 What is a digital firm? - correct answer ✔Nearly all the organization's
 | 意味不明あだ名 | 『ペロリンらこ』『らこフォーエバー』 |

---

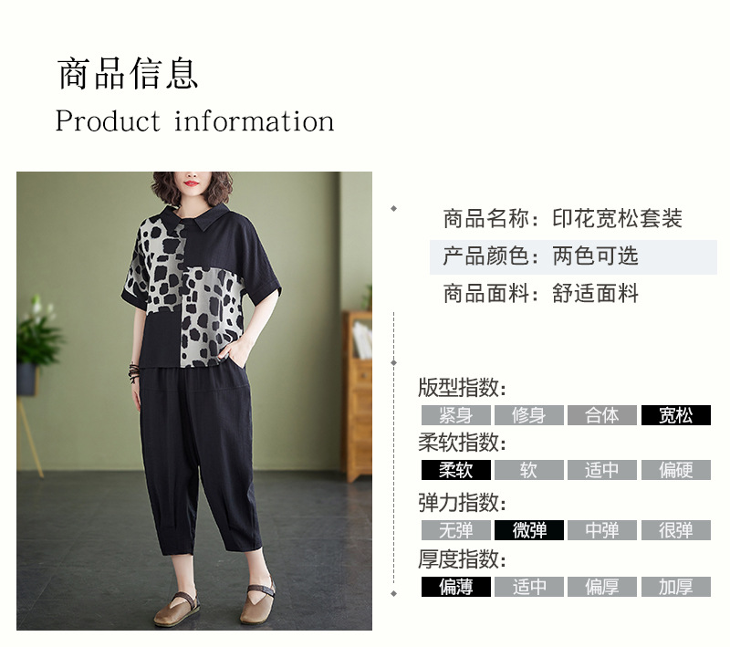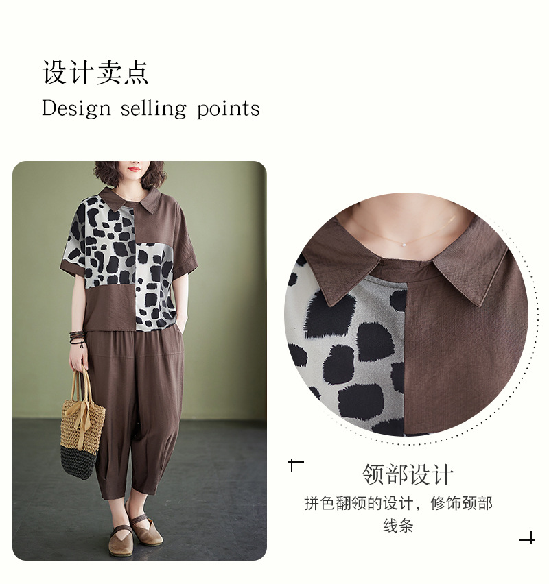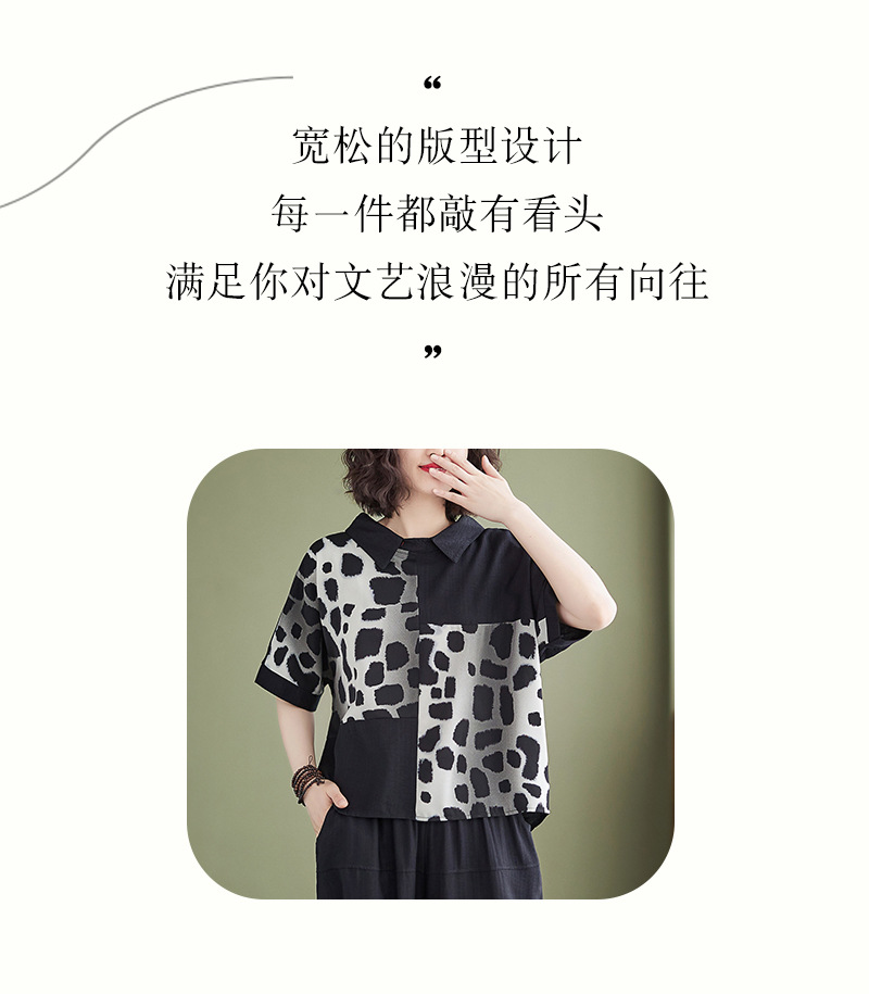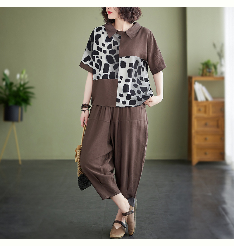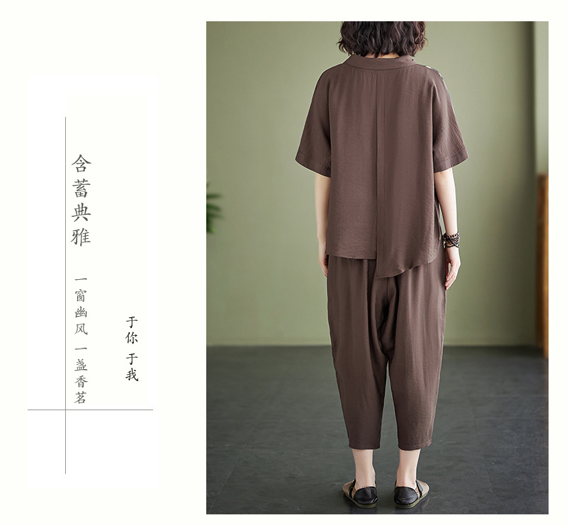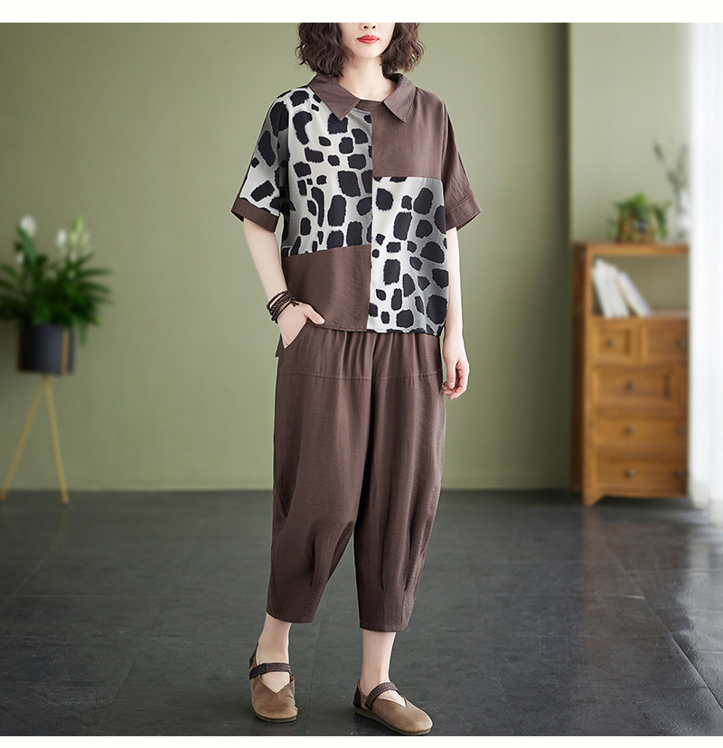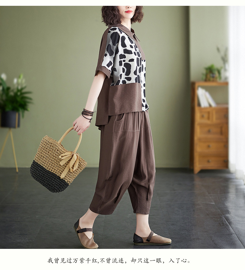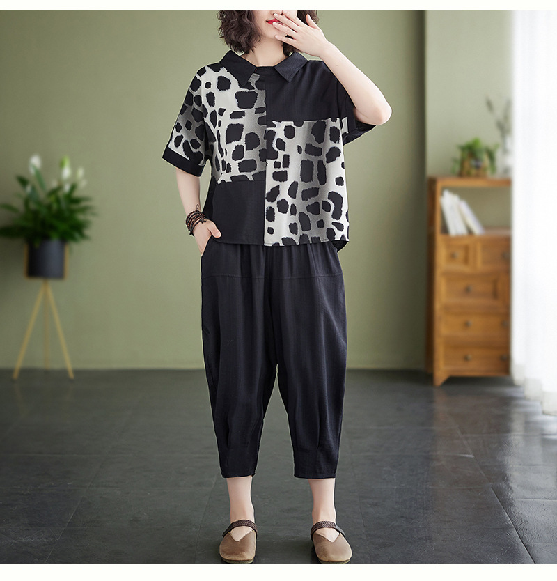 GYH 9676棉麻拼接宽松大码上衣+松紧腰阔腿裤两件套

* * *

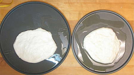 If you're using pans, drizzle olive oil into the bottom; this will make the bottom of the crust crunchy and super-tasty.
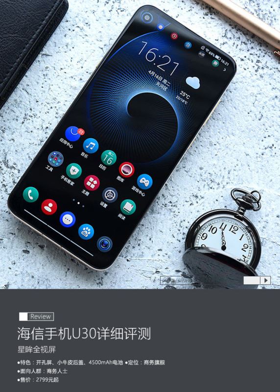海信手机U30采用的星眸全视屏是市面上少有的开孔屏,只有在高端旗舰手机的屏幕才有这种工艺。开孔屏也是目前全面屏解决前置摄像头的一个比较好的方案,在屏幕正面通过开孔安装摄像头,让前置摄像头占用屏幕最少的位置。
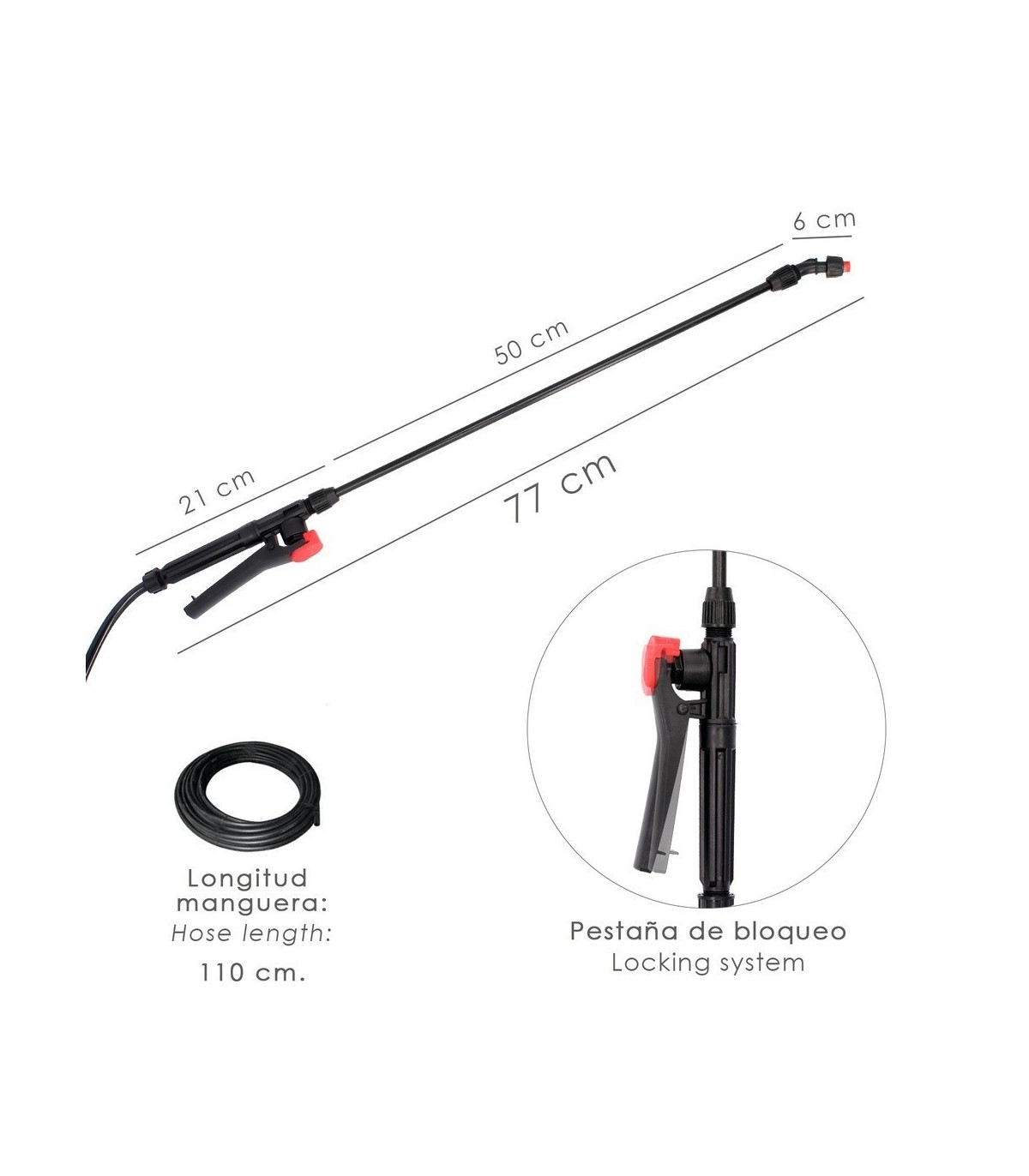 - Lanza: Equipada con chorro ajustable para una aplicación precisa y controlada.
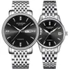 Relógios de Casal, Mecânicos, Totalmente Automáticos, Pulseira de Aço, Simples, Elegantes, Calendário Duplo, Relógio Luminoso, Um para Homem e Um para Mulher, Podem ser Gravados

WHAT IS BEING ASKED
Start at the line above containing "- Lanza: Equipada" and stop at the line containing "Relógios de Casal, Mecânicos, Totalmente": print those lines and everything between them exactly, but not the pictures.

RESPONSE AREA
 - Lanza: Equipada con chorro ajustable para una aplicación precisa y controlada.
 Relógios de Casal, Mecânicos, Totalmente Automáticos, Pulseira de Aço, Simples, Elegantes, Calendário Duplo, Relógio Luminoso, Um para Homem e Um para Mulher, Podem ser Gravados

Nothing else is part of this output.